# LPG Converter Needed



## dora (Jan 23, 2008)

At last, we've just put a deposit on our first American Motorhome, upgrading from our 1991 Euramobile, that we have been living in full time since end August. 
Jims house now completed we're nearly ready to get out of the country.

We're going to be staying in the Leicester area when we collect the new home, and before we leave the country need to get it converted to run on LPG. Anybody know and can recommend a good converter in the midlands area?
Also if you know of a good site near Coalville that we can stay in our current motorhome and for a day or so also have the American motorhome please let me know?

Many thanks
D


----------



## camallison (Jul 15, 2009)

Try one of these guys:

Hinckley
Power Train Projects
Trinity House, Coventry Road,
Hinckley, Leicestershire, LE10 0NB
Tel: 01455 622229
Fax: 01455 622370
Email:
[email protected]

Queniborough
Jumblie Ltd
1487 Melton Road, Queniborough,
Leicester, LE7 3FP
Tel: 0116 269 2788
Fax: 0116 269 2864
[email protected]

Whetstone
Leicester Autogas Services
The Grange, Station Street,
Whetstone, Leicester, Leicestershire, LE8 6JS
Tel: 01162 862701
Fax: 0116 286 2457
Web: www.leicesterautogas.co.uk

Colin


----------



## des (Aug 13, 2005)

be sure that your converter is familiar with the size of the job. i recommend steve griffiths at anglo american in newport. not local, but this is an expensive job, and that is where many of the rv dealers get the job done.


----------



## raynipper (Aug 4, 2008)

Dora,
I'm not sure which RV you have gone for but obviously a front engined petrol one.
Things might have changed a little since I was an American RV owner but the numbers would still apply.

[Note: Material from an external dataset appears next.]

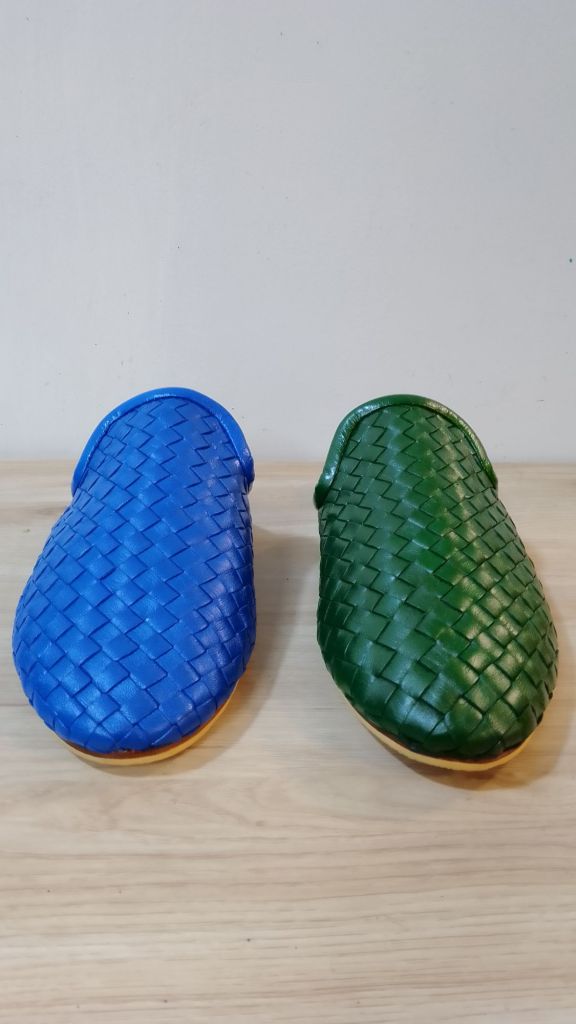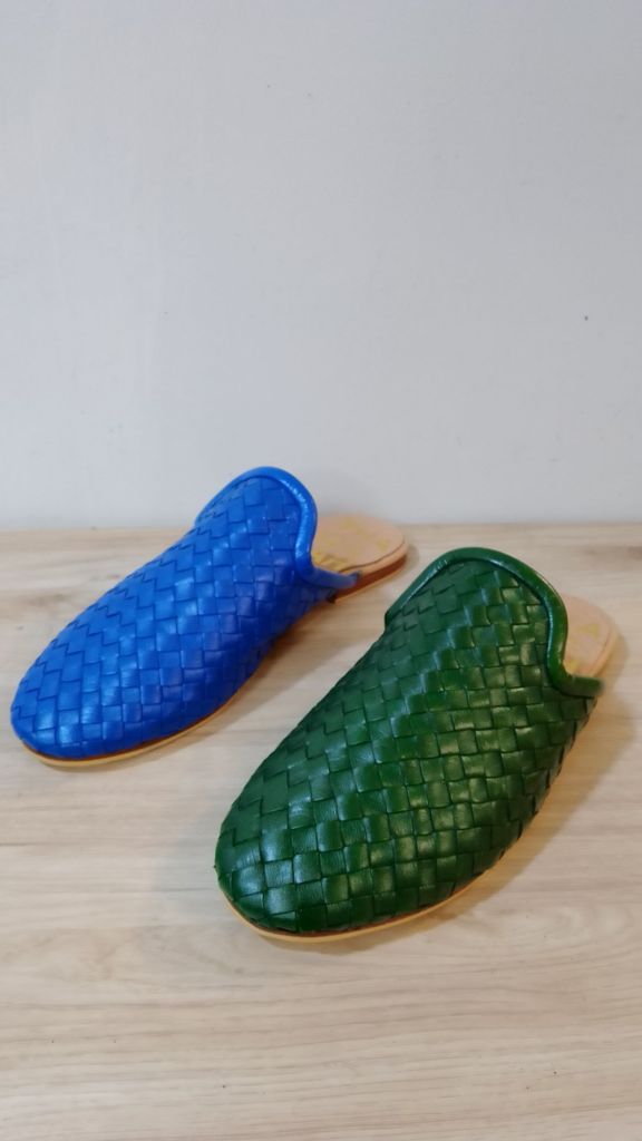 Moroccan babouche inspired woven mules with classic round toe with accented piping finishing design. Completely hand stitched from top to bottom. The mules fit like a glove and are made with soft supple leather.

With the high cost of an LPG conversion it's going to take many thousands of miles to even come close to beak even point. LPG availability on the continent apart from Spain is plentiful and as far as I can see a little cheaper. 

Have you done your sums?

Ray.


----------



## 107558 (Oct 10, 2007)

LPG in France is expensive about 50% more than in the UK.


----------



## camper69 (Aug 30, 2007)

dora said:


> Also if you know of a good site near Coalville that we can stay in our current motorhome and for a day or so also have the American motorhome please let me know?
> 
> Many thanks
> D


If you are a member of the C&CC you could try here. They were a tad expensive when we were last there a year ago but if staying for a while you could maybe negotiate a bit.

Derek


----------



## dora (Jan 23, 2008)

camallison said:


> Try one of these guys:
> 
> Hinckley
> Power Train Projects
> ...


Hi
thanks for trying to help. The last one come up that the domain was for sale, Jumblie Ltd said they couldn't help, but did give me details of another converter in Derbyshire that they recommended. I do appreciate the response though. TA


----------



## dora (Jan 23, 2008)

raynipper said:


> Dora,
> I'm not sure which RV you have gone for but obviously a front engined petrol one.
> Things might have changed a little since I was an American RV owner but the numbers would still apply.
> 
> ...


We're trying, really need to know up to date LPG and petrol costs in France and Spain to do the comparisons. We've also heard you can lose some fuel economy by doing the conversion. Its a difficult one isn't it?
We reckon on doing at least 10,000 miles but even at that level it seems marginal

Any ideas folks?


----------



## olley (May 1, 2005)

Hi its normally reckoned that you need to drive around 20,000-25,000 miles before you breakeven. Unless like me you intend to keep the RV for more than 3-4 years, and do that sort of mileage, the figures don't really add up.

Olley


----------



## Invicta (Feb 9, 2006)

Only asking but doesn't an LPG conversion add something to the value of an R/V?


----------



## dora (Jan 23, 2008)

olley said:


> Hi its normally reckoned that you need to drive around 20,000-25,000 miles before you breakeven. Unless like me you intend to keep the RV for more than 3-4 years, and do that sort of mileage, the figures don't really add up.
> 
> Olley


Thanks Olley

I feel we might be better spending the money on a super internet satellite dish!

Funnily enough its a Winnebago Brave we've just put the deposit on - was a bit horrified by some of your consumption figures
D


----------